__Work order__.
Each line below is to be copied exactly; images do not go into the copy.

__Collected material__.
===
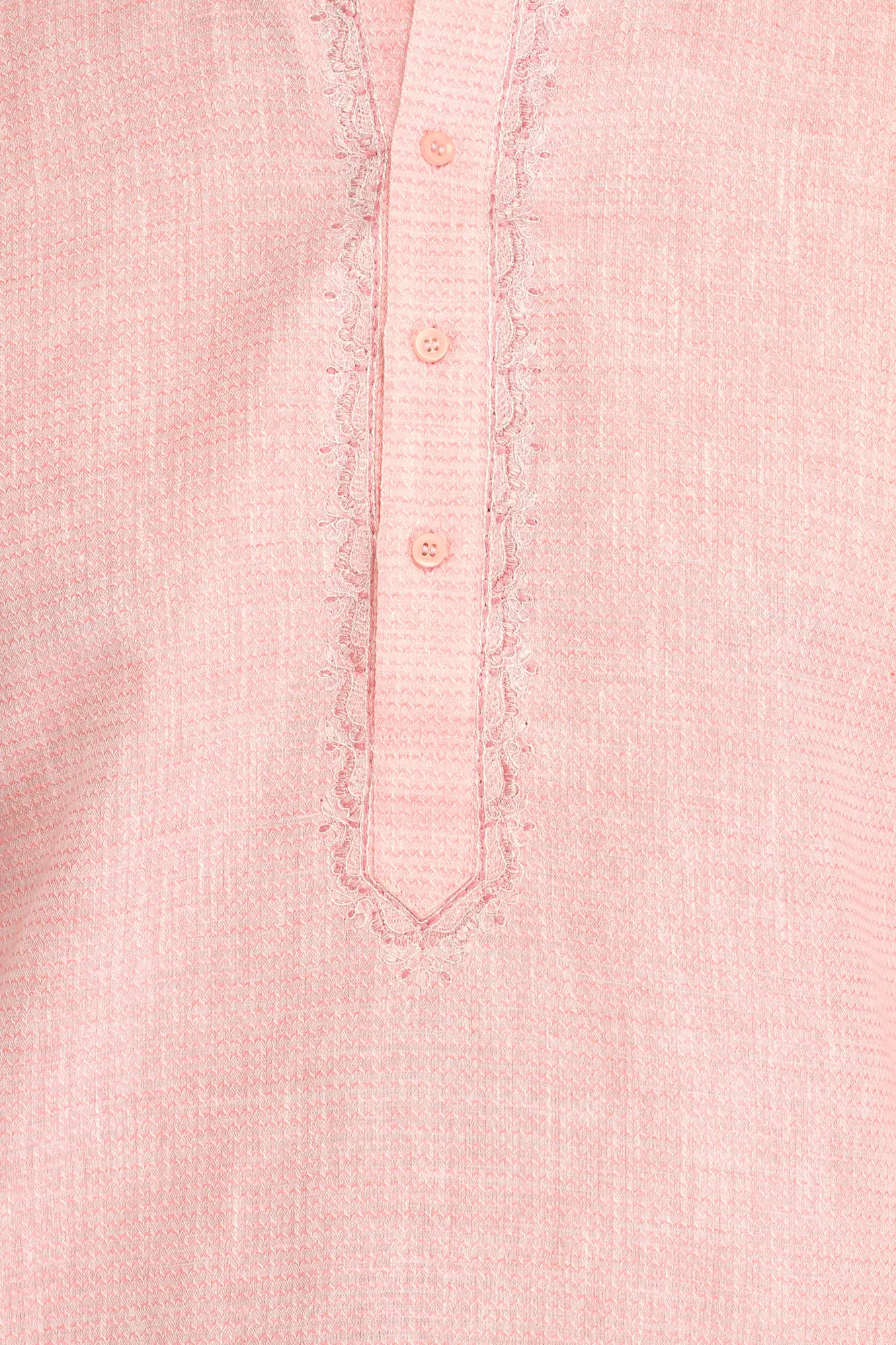 Pastel Kurta Pajama Set with Thread Weave in Self and Embroidery on Neck
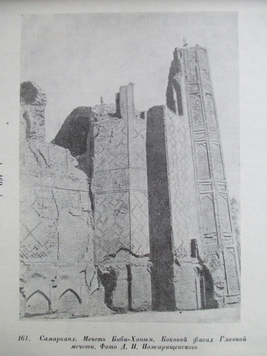 The Bibi Khanum Mosque was comprehensively studied by Shalva E. Ratiia in the 1940s. Ratiia drew up the first restoration plans based on its ruins and produced reconstruction watercolours. The renowned Soviet archaeologist and architect Galina A. Pugachenkova finalized the restoration plans for the mosque at the beginning of the 1950s. Further archaeological research was performed by Liia Iu. Man’kovskaia in 1967. After 1974 the restoration project was led by the architect Konstantin S. Kriukov, one of the most influential restorers in the Soviet period, who initiated the replacement of all brick loadbearing structures with reinforced concrete frames. Throughout the 1980s and 1990s the collapsed domes of the side mosques were rebuilt with reinforced concrete and new tiling was inserted along the domes’ ribbed outer shells. After 1985 the main sanctuary was adorned with massive pylons, decorated in mass-produced tiles. By the end of the 1990s the epigraphic programmes were executed anew.
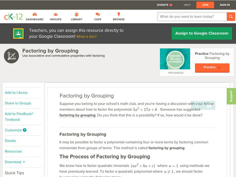 [Free Registration/Login may be required to access all resource tools.] Learn how to factor quadratic expressions by grouping.
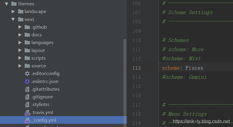 在 themes\next\_config.yml 的配置文件中设置 Next 主题的布局,有四种布局,可以分别尝试下,这里选择的是“Pisces”。
===
__Solution to this exercise__.
 Pastel Kurta Pajama Set with Thread Weave in Self and Embroidery on Neck
 The Bibi Khanum Mosque was comprehensively studied by Shalva E. Ratiia in the 1940s. Ratiia drew up the first restoration plans based on its ruins and produced reconstruction watercolours. The renowned Soviet archaeologist and architect Galina A. Pugachenkova finalized the restoration plans for the mosque at the beginning of the 1950s. Further archaeological research was performed by Liia Iu. Man’kovskaia in 1967. After 1974 the restoration project was led by the architect Konstantin S. Kriukov, one of the most influential restorers in the Soviet period, who initiated the replacement of all brick loadbearing structures with reinforced concrete frames. Throughout the 1980s and 1990s the collapsed domes of the side mosques were rebuilt with reinforced concrete and new tiling was inserted along the domes’ ribbed outer shells. After 1985 the main sanctuary was adorned with massive pylons, decorated in mass-produced tiles. By the end of the 1990s the epigraphic programmes were executed anew.
 [Free Registration/Login may be required to access all resource tools.] Learn how to factor quadratic expressions by grouping.
 在 themes\next\_config.yml 的配置文件中设置 Next 主题的布局,有四种布局,可以分别尝试下,这里选择的是“Pisces”。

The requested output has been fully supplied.